Note that, unlike Equation (8.4.12), which it very much resembles, Equation (\ref{eq:9.34}) is not a “vector identity in disguise”: there is nothing like Equation (9.3.6) that we could substitute for it in order to make the signs automatically come out right. You should just treat it as a relationship between the magnitudes of \(\vec v_{cm}\) and \(\vec \omega \) and just pick the signs appropriately for each circumstance, based on your convention for positive directions of translation and rotation.

In fact, we could use Equation (9.3.6) to find the velocity of any point on the circle, if we go to a reference frame where the center is at rest—which is to say, the center of mass (CM) reference frame; then, to go back to the Earth frame, we just have to add \(\vec v_{cm}\) (as a vector) to the vector we obtained in the CM frame. Figure \(\PageIndex{1}\) shows the result. Note, particularly, that the point at the very bottom of the circle has a velocity \(−R|\omega|\) in the CM frame, but when we go back to the Earth frame, its velocity is \(−R|\omega| + v_{cm} = −R|\omega| + R|\omega| = 0\) (by the condition (\ref{eq:9.34})). Thus, as long as the condition for rolling without slipping holds, the point (or points) on the rolling object that are momentarily in contact with the surface have zero instantaneous velocity. This means that, even if there was a force acting on the object at that point (such as the force of static friction), it would do no work, since the instantaneous power \(Fv\) for a force applied there would always be equal to zero.

We do not actually need the force of static friction to keep an object rolling on a flat surface (as I mentioned above, the motion could in principle go on “unforced” forever), but things are different on an inclined plane. Figure \(\PageIndex{2}\) shows an object rolling down an inclined plane, and the corresponding extended free-body diagram.

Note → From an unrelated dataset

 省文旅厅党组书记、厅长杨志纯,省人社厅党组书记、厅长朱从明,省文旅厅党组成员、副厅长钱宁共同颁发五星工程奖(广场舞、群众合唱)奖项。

The basic equations we use to solve for the object’s motion are the sum of forces equation:

\[ \sum \vec{F}_{e x t}=M \vec{a}_{c m} \label{eq:9.35} \]

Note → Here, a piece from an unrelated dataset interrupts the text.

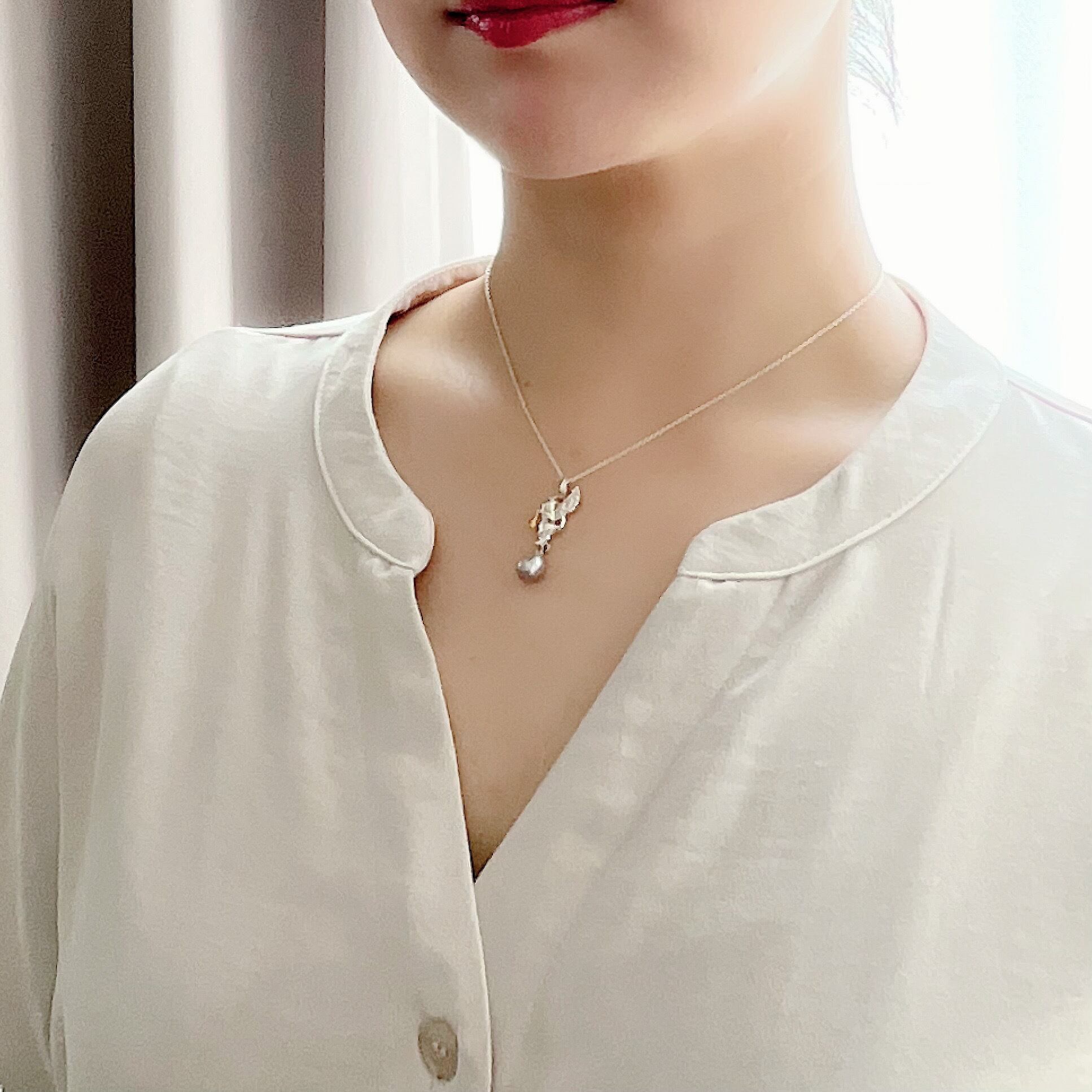甘すぎないモチーフと深みのあるパールの色合いですので、大人の女性も楽しんでいただけるペンダントです。

the net torque equation, with torques taken around the center of mass⁷

\[ \sum \vec{\tau}_{e x t}=I \vec{\alpha} \label{eq:9.36} \]

and the extension of the condition of rolling without slipping, (\ref{eq:9.34}), to the accelerations:

\[ \left|a_{c m}\right|=R|\alpha| \label{eq:9.37}.\]

For the situation shown in Figure \(\PageIndex{2}\), if we take down the plane as the positive direction for linear motion, and clockwise torques as negative, we have to write \(a_{cm} = −R\alpha\). In the direction perpendicular to the plane, we conclude from (\ref{eq:9.35}) that \(F^n = Mg \cos \theta\), an equation we will not actually need⁸; in the direction along the plane, we have

\[ M a_{c m}=M g \sin \theta-F^{s} \label{eq:9.38} \]

and the torque equation just gives \(−F^sR = I\alpha\), which with \(a_{cm} = −R\alpha\) becomes

\[ F^{s} R=I \frac{a_{c m}}{R} \label{eq:9.39} .\]

We can eliminate \(F^s\) in between these two equations and solve for \(a_{cm}\):

\[ a_{c m}=\frac{g \sin \theta}{1+I /\left(M R^{2}\right)} \label{eq:9.40} .\]

Now you can see why, earlier in the semester, we were always careful to assume that all the objects we sent down inclined planes were sliding, not rolling! The acceleration for a rolling object is never equal to simply \(g \sin \theta\). Most remarkably, the correction factor depends only on the shape of the rolling object, and not on its mass or size, since the ratio of \(I\) to \(MR^2\) is independent of \(m\) and \(R\) for any given geometry. Thus, for instance, for a disk, \(I = \frac{1}{2}MR^2\), so \(a_{cm} = \frac{2}{3} g \sin \theta\), whereas for a hoop, \(I = MR^2\), so \(a_{cm} = \frac{1}{2} g \sin \theta\). So any disk or solid cylinder will always roll down the incline faster than any hoop or hollow cylinder, regardless of mass or size.

This rather surprising result may be better understood in terms of energy. First, let me show (a result that is somewhat overdue) that for a rigid object that is rotating around an axis passing through its center of mass with angular velocity \(\omega\) we can write the total kinetic energy as

\[ K=K_{c m}+K_{r o t}=\frac{1}{2} M v_{c m}^{2}+\frac{1}{2} I \omega^{2} \label{eq:9.41} .\]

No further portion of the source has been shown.